2015/06/02
BGP - como a internet de hoje está dependente de um "desenrasque" do século passado
De vez em quando vamos espreitando como funcionam os aspectos mais profundos das redes (como o TCP/IP) e hoje o tema será o BGP; mais um componente crítico para o funcionamento da internet... mas que foi inicialmente concebido como um desenrasque de curta duração... já lá vão mais de 25 anos!
Se ainda se recordam de como o TCP/IP funciona, saberão que esse protocolo permite que um computador comunique com outro, colocando nos pacotes de dados o seu endereço e o do destinatário. A questão é que, para chegar ao destino, esses dados terão que passar por uma dezena de routers, e a questão que se coloca é: como é que um router sabe para onde enviar cada pacote? É que ao contrário dos endereços de nossas casas, a Internet não tem um mapa estático de onde estão os servidores/endereços; para além de que, a qualquer momento, uma ligação poderá ficar saturada ou inoperacional, necessitando que os dados sejam reencaminhados por outra via.
A resposta é o BGP (Border Gateway Protocol)... também conhecido como o protocolo dos três guardanapos - alusão à sua origem, quando foi rabiscado em 1989 como uma forma de desenrascar a confusão da gestão do tráfego nas redes, numa altura em que a "internet" começava a ter um crescimento exponencial.
O BGP é o protocolo que permite aos routers comunicarem entre eles, para que combinem os "melhores caminhos" para os dados. É graças a ele que um router saberá que um pacote com destino a um servidor nos EUA deverá ser reencaminhado para um router que o faça aproximar do seu destino, em vez de seguir em direcção à Austrália para dar a volta ao mundo.

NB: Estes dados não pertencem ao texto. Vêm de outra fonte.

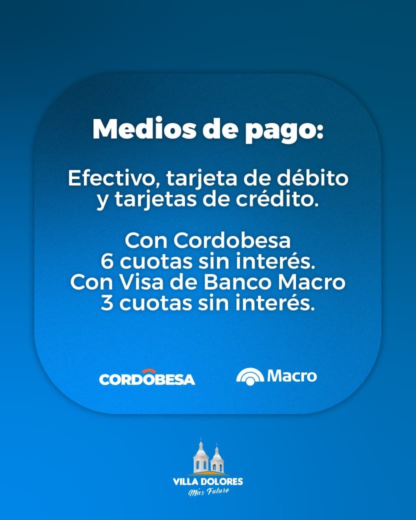 Medios de pago: efectivo, QR, tarjeta de débito o crédito. Con Cordobesa, 6 cuotas sin interés, y con Visa del Banco Macro, 3 cuotas sin interés.

O problema é que, tal como muitos outros elementos em que a internet assenta, o BGP foi criado numa altura em que se assumia que a rede era constituída por elementos de confiança... algo que infelizmente já não se pode assumir, e que agora se torna numa gigantesca vulnerabilidade que pode originar um verdadeiro "apocalipse digital".
Ao confiar implicitamente no que os routers dizem, uma entidade maliciosa pode enviar informações falsas, e desviar o tráfego de dados na internet. Situação que já aconteceu em 2010 (supostamente por acidente), quando os dados destinados aos EUA foram reencaminhados pela China. Na prática, é o equivalente a dizerem aos routers que o caminho para os EUA é "mais rápido" se passar pela vossa rede, e os routers alegremente acreditarão em vocês e redireccionarão os pacotes para vocês.
Nesta altura já se trabalham em formas que adicionem maior segurança a este protocolo, para evitar que este tipo de coisa possa acontecer de forma tão fácil; mas na verdade acaba por demonstrar também a necessidade de encriptação de todos os dados que percorrem a internet, de modo a que se torne irrelevante por onde é que os dados passam ou se alguém os está a monitorizar.
Ainda assim, não deixa de ser um pouco assustador que uma solução de desenrasque continue a ser um dos blocos essenciais para o funcionamento da Internet como a conhecemos... mais de um quarto de século depois de ter sido criada.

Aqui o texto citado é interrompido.